--- THE PROBLEM ---
Please restate word for word all lines from the one containing "14K Yellow Gold" to the final line of the entries, and include no pictures.
>>>
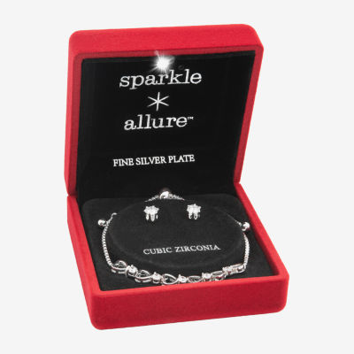 Sparkle Allure Light Up Box Womens Cubic Zirconia Pure Silver Over Brass Heart 2-pc. Jewelry Set
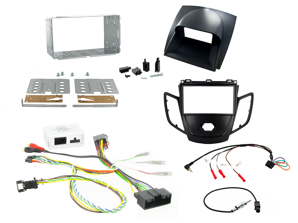 Ford Fiesta Installation Kit. Supplied With Black Double DIN Fascia Kit With Grey Display Cover, CAN-Bus Steering Wheel Control Interface, Antenna Adapter & Universal Patchlead *Note – Fascia Requires OEM Ford Hazard/Door Lock Switch – Part No. 1519127
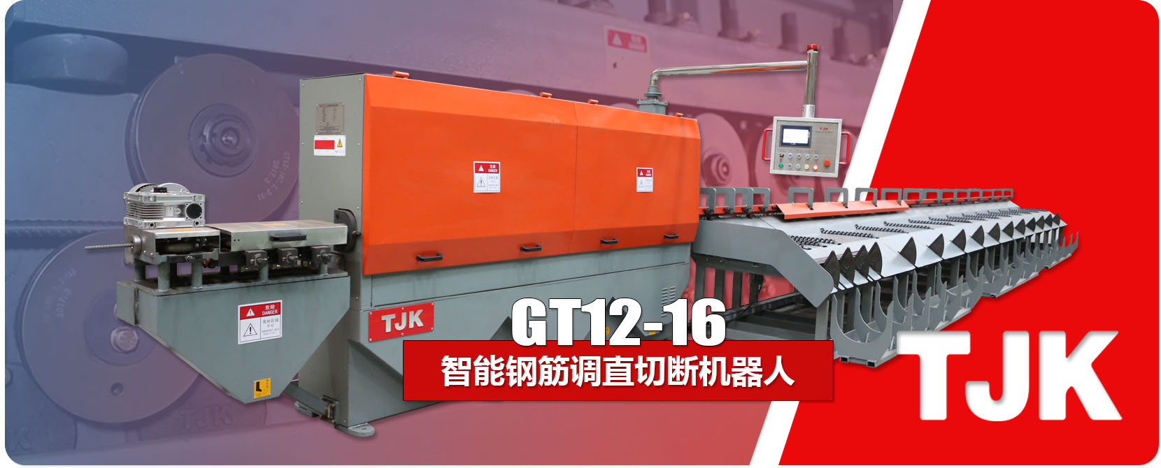 把盘螺或盘圆,通过各种形式的调直机构把钢筋调直,能保持规则的直线段,调直 机构要方便调整钢筋的直度,计长机构方便长度测量,与钢筋接触的牵引轮、调直轮要 耐磨,容易更换,料架要利于打包吊装,常见的调直机构有旋转调直和轮式调直两种方 式,也可以将这两种方式进行结合,GT12-16智能钢筋调直切断机器人是具有水平和纵 向调直机构的轮式调直机,可两个方向调直、自动计长剪切,表面损伤小,能自动统计 加工根数,缓冲接料使吊装打包不停机。能多任务快速调直剪切钢筋,生产效率高。
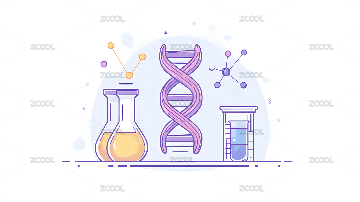 彩色 DNA 双螺旋结构旁摆放着几个实验
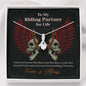 Melt her heart with this ALLURING BEAUTY necklace gift! The petite ribbon shaped pendant is finished with 14K white gold over stainless steel, and is embellished with dainty clear crystals surrounded by a sparkling 7mm round cut Cubic Zirconia.
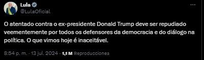 El presidente de Brasil, Luiz Inácio Lula da Silva, pidió que el hecho sea repudiado "vehementemente por todos los defensores de la democracia y del diálogo en la política”. "Lo que vimos hoy es inaceptable", señaló.
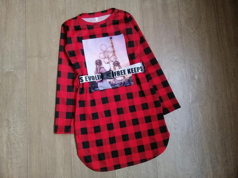 Стильное платье в клетку с боковыми карманами, ткань французский трикотаж. Аппликация пришита. Пояс идет в комплекте. Цвет красный+черный 128 - 1шт 152 - 1шт 158 - 2шт Замеры осуществлялись вручную, с одной ростовки, возможна разбежность в 1-2см. 128 - длина 63, пог 32, рукав 44 152 - длина 72, пог 38, рукав 52 158 - длина 74, пог 40, рукав 53
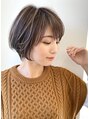 ひし形シルエットの大人かわいいハンサムショートボブ。艶カラーの大人ボブ。前髪はセンターパートで小顔に。透け感をプラス。はちうえの量が膨らまない様に量を間引いて骨格に合わせた似合わせカット。簡単スタイリングヘア。艶カラー、ハイトーンカラー
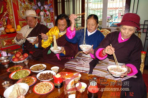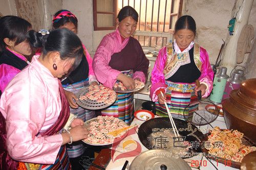巴塘人一年當中有很多重要的節(jié)日,而最重要的莫過于過春節(jié)。隨著農歷新年的來臨,巴塘人過春節(jié)的氛圍也越來越濃烈了。掃塵、貼春聯、殺年豬、罐血腸、樹經幡、獻“切瑪” 、曬牛肉干、做長面、炸“花茹” 、 釀青稞酒等等,人們臉上綻放出春天的笑顏,喜逐顏開迎候新春佳節(jié)的到來。而在眾多的風味飲食中,炸“花茹” 、 吃長面(當地人稱之為“金絲面”)是巴塘人春節(jié)時家筵中必不可缺的美食佳肴。
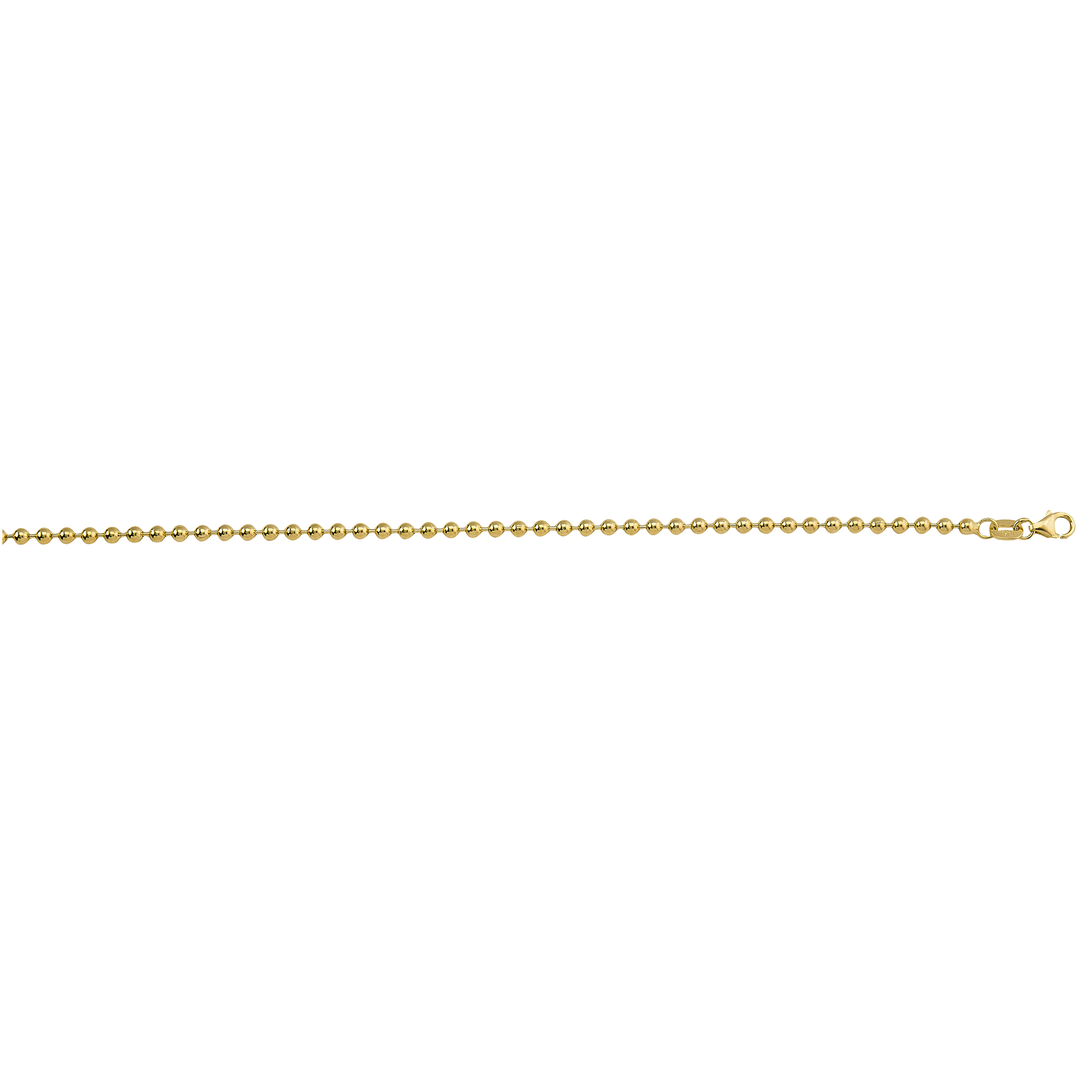 14K Yellow Gold 2.5mm Polished Ball (Military) Chain
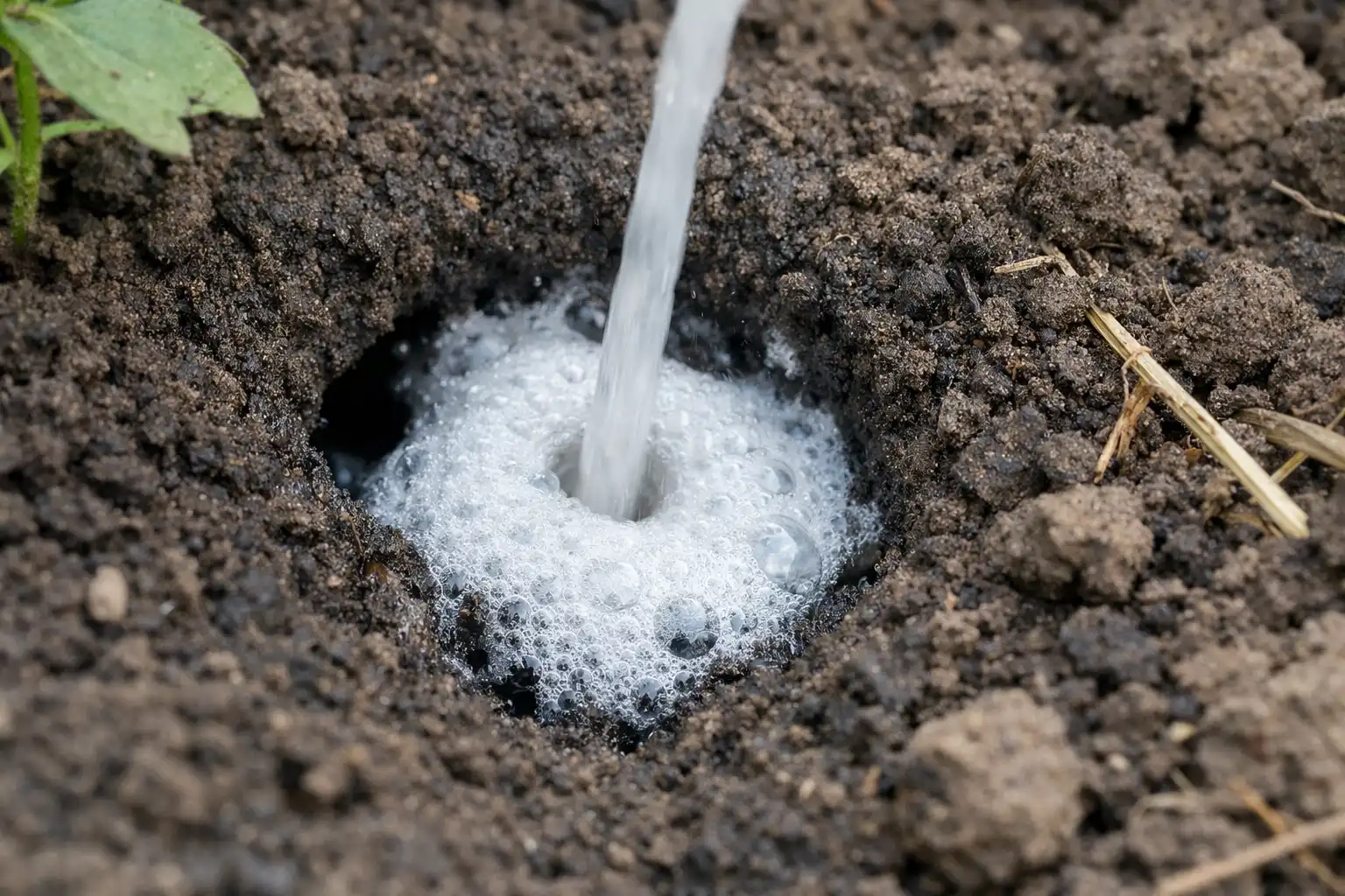 – Turnați amestecul de lichid alcalin direct în gaură, asigurându-vă că pătrunde adânc.
<<<
--- EXERCISE RESULT ---
 14K Yellow Gold 2.5mm Polished Ball (Military) Chain
 – Turnați amestecul de lichid alcalin direct în gaură, asigurându-vă că pătrunde adânc.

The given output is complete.